Binary download: http://www.norconex.com/collectors/collector-http/download
norconex-collector-http-2.0.0
- Upgraded Norconex Importer to version 2.0.0, which brings to Norconex HTTP Collector a lot of new features, such as:
- Document content splitting
- Splitting of embedded documents into individual documents
- New taggers for language detection, changing character case, parsing and formatting dates, providing content statistics, and more.
- Read the Norconex Importer release notes for a complete list of changes at: http://www.norconex.com/product/importer/changes-report.html#a2.0.0
- Can now supply a "urlsFile" as part of the startURLs, acting as a seed list.
- New fast MVStore database implementation for URL database (from Norconex Collector Core).
- New H2 database implementation for URL database (crawl data store).
- Now keeps track of parent references (for embedded/split documents).
- Now support also extracting a link title and text (github #23 ), and they also support the "nofollow" robot rule.
- It is now possible to configure multiple link extraction classes, each taking effect on particular URLs and/or content-types.
- IHtmlLinkExtractor can be configured to use specified HTML tags and attributes to find URLs.
- Now licensed under The Apache License, Version 2.0.
- Replaced the configuration option "deleteOrphans(true|false)" with "orphansStrategy(DELETE|PROCESS|IGNORE)".
- The collector now references document content as reusable InputStream with memory caching instead of relying only on files. This saves a great deal of disk I/O and improves performance in most cases.
- Refactored to use the new Norconex Collector Core library.
- New and more scalable crawler event model along with new listeners.
- More...
Binary download: http://www.norconex.com/collectors/collector-http/download
norconex-collector-http-1.3.4
- MongoCrawlURLDatabase now supports user authentication.
- Now requires Java 7 or higher.
- Fixed DefaultRobotsTxtProvider failing to parse some robots.txt patterns.
Binary download: http://www.norconex.com/product/collector-http/download.html
norconex-collector-http-1.3.3
- Upgraded JEF to 3.0.1 to fix stop action not working.
- Fixed NullPointerException in robots.txt resolution under some circumstances.
Binary download: http://www.norconex.com/product/collector-http/download.html
norconex-collector-http-1.3.2
- DefaultURLExtractor no longer treat empty href as being a URL ending with a double-quote.
- GenericURLNormallizer no longer rejects URLs with spaces in them.It now logs a warning instead.
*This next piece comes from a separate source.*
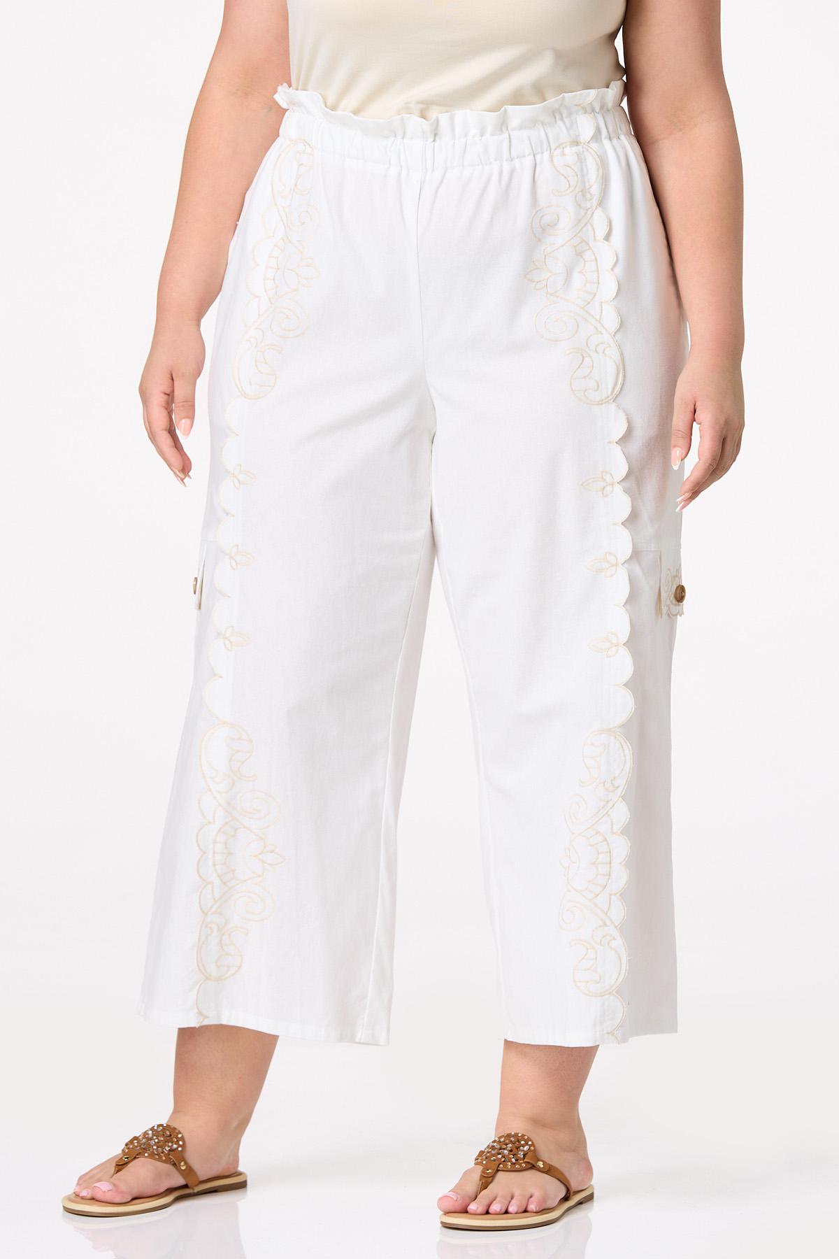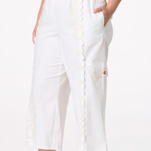 We’re “warming” you – you’ll want to add this wide leg style to cart quick. Part of our Cato Collection, these limited edition pants have us swooning and will have you swooning, too with their elastic, paperbag waist, pretty-paisley embroidery, scalloped trim and cargo pockets.

Binary download: http://www.norconex.com/product/collector-http/download.html
norconex-collector-http-1.3.1
- Header and document checksum value are no longer added by default to prevent the issue described in github issue #24. Instead, adding checksum is now an optional feature of DefaultHttpDocumentChecksummer and DefaultHttpHeadersChecksummer.
Binary download: http://www.norconex.com/product/collector-http/download.html
norconex-collector-http-1.3.0
- Now supports NTLM authentication. Experimental support added for SPNEGO and Kerberos.
- Document checksums are added to each document metadata.
- Refactoring of HTTPClient creation with many new configuration options added (connection timeout, charset, maximum redirects, and several more).
- Can optionally trust all SSL certificate now.
- Integrates new features of Norconex Importer 1.2.0 such as support for WordPerfect document parsing, new filter and transformers, etc.
- Integrates new features of Norconex Committer 1.2.0 such as defining multiple committers, retrying upon commit failure, etc.
- Other third-party library upgrades.
Binary download: http://www.norconex.com/product/collector-http/download.html
norconex-collector-http-1.2.0
Feature release:
- New optional Mongo URL Database implementation.
- New TikaURLExtractor class providing an alternate IURLExtractor implementation based on Apache Tika HTMLParser.
- New SegmentCountURLFilter class for filtering URLs having a specified number of segments (can check duplicate segments too).
- New unit tests.
- MapDB URL Database classes moved to its own "mapdb" package. DefaultCrawlURLDatabaseFactory still exists, but is just a pointer to MapDBCrawlURLDatabaseFactory.
- Example configurations now point to Norconex test pages to ensure their stability.
- Upgraded dependent libraries: Norconex Committer 1.1.0, Norconex Commons Lang 1.2.0, MapDB 0.9.8 and other thrid party libraries.
- Improved Javadoc.